La sensibilità

 


Fin da bambino capì che la sensibilità è una forza, non una debolezza. «Lev ha sempre avuto il dono – disse sua cugina Aleksandra – di sentire tutto con una forza sconvolgente.» Gli piaceva ascoltare il vento, sentire il cuore delle cose e delle persone, catturarne l’anima. Solo chi conosce la delicatezza sa cos’è la vera forza. Perché lì c’è verità, lì c’è dolcezza, lì c’è sensibilità, lì c’è ancora amore. Essere sensibili vuol dire vivere dieci, cento, mille vite ogni giorno. Quando sei sensibile non puoi fregartene o lasciar perdere. E lui non lo fece mai. 

Nel corso della sua vita fece esperienza di ogni cosa, conobbe la fama, il successo, la ricchezza, scrisse migliaia di pagine tra romanzi, racconti, opuscoli e pamphlet, si sposò, ebbe tredici figli; fu uno scrittore, un editore, un marito, un padre e un profeta. «Ma tutto ciò che io capisco,» disse una volta, «lo capisco solamente perché amo.» Tolstoj era un conte, era uno degli uomini più ricchi del suo paese, eppure rinunciò agli abiti da signore, al lusso, ai suoi privilegi, per condurre una vita semplice, regalando ciò che possedeva a chi ne aveva bisogno. 

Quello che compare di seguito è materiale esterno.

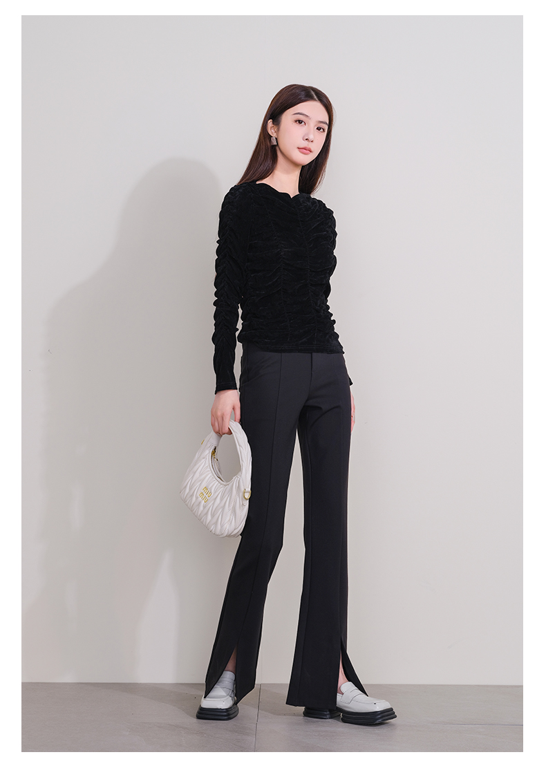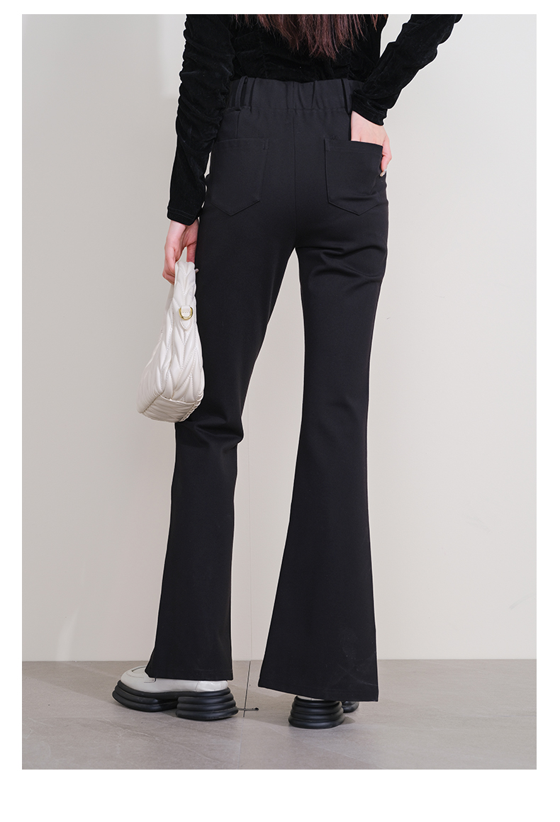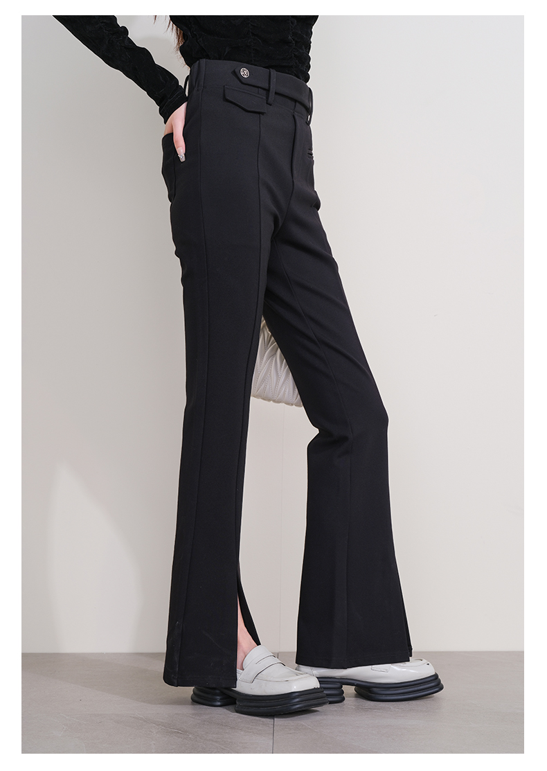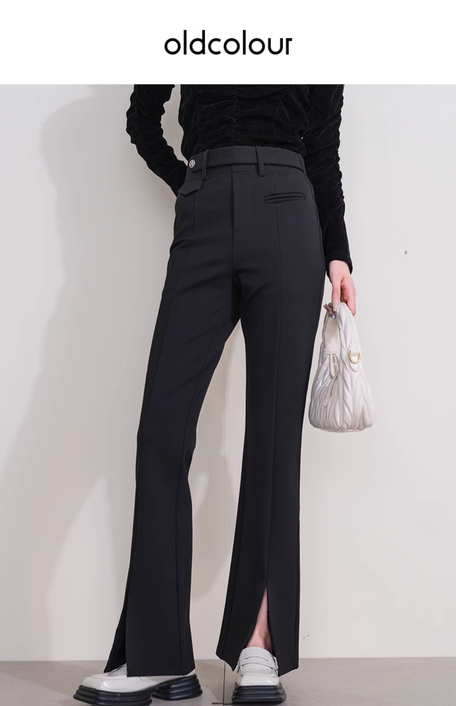 oldcolour欧珂冬季新款时尚开叉高腰松紧腰长裤女P430710A1

«Non parlatemi di religione, di carità, di amore,» era solito dire, «ma fatemi vedere la religione nelle vostre azioni.» 

Tolstoj fu anche il primo teorico della non-violenza, predicò la fratellanza tra i popoli e le sue idee ispirarono un’altra grande figura del ventesimo secolo, Mahatma Gandhi. Fino al giorno della sua morte continuò ad aiutare gli altri, ecco perché molti dissero che era pazzo. 

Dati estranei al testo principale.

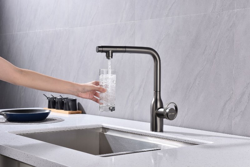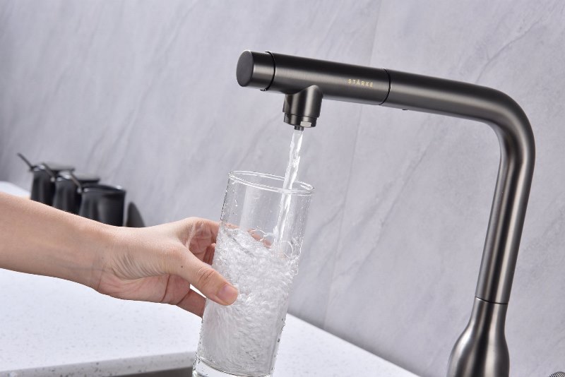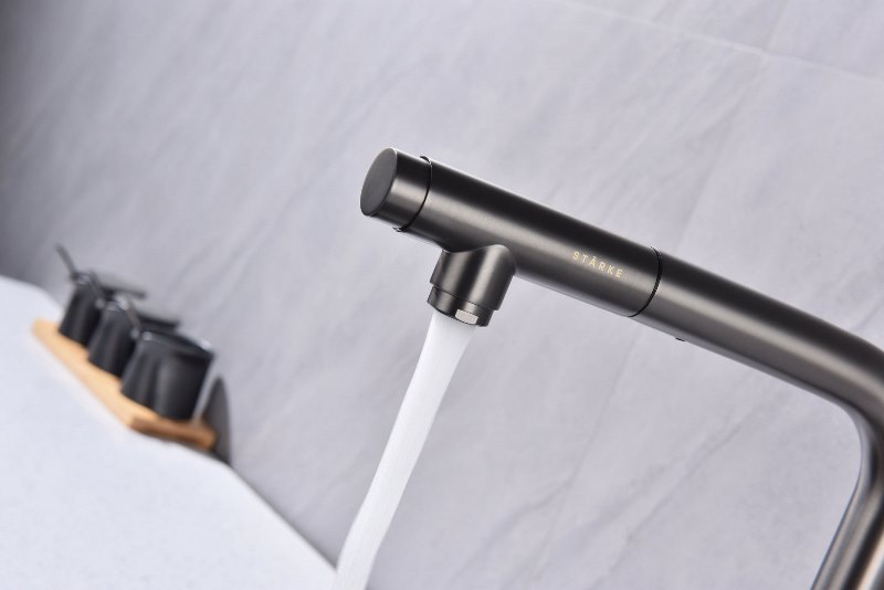 Смеситель для кухни Paulmark Urban Ur213104-B, под фильтр, беретта из высококачественной латуни.Свойства. Выдвижной поворотный излив с возможностью подключения фильтра питьевой воды. Свободное вращение излива на 360°. Кнопка на корпусе для подачи питьевой воды. Высота-333.2 мм. Глубина излива-213.5 мм. Керамический картридж длительного срока эксплуатации с низким уровнем шума, плавным ходом, устойчивостью к высокому давлению и прочными керамическими дисками (до 100 000 циклов). Смеситель Urban Ur213104-B, под фильтр для кухни. Гарантия. Продолжительная гарантия на изделие - 5 лет. Изображение и цвет на мониторе могут отличаться от оригинала. Комплектность:

In un mondo dove conta soltanto l’avere, il possedere le cose e perfino le persone, dove tutti  vogliono prendere, ma nessuno sa dare, Tolstoj sembrava pazzo.

Un giorno un suo vecchio amico, che al contrario di Tolstoj viveva negli agi e nel lusso, gli disse: «a che scopo fai tutto questo? Che ti importa degli altri? Dovresti pensare a te stesso». 

Al che Tolstoj gli rispose: «se senti dolore, sei vivo, ma se senti il dolore degli altri, sei umano.»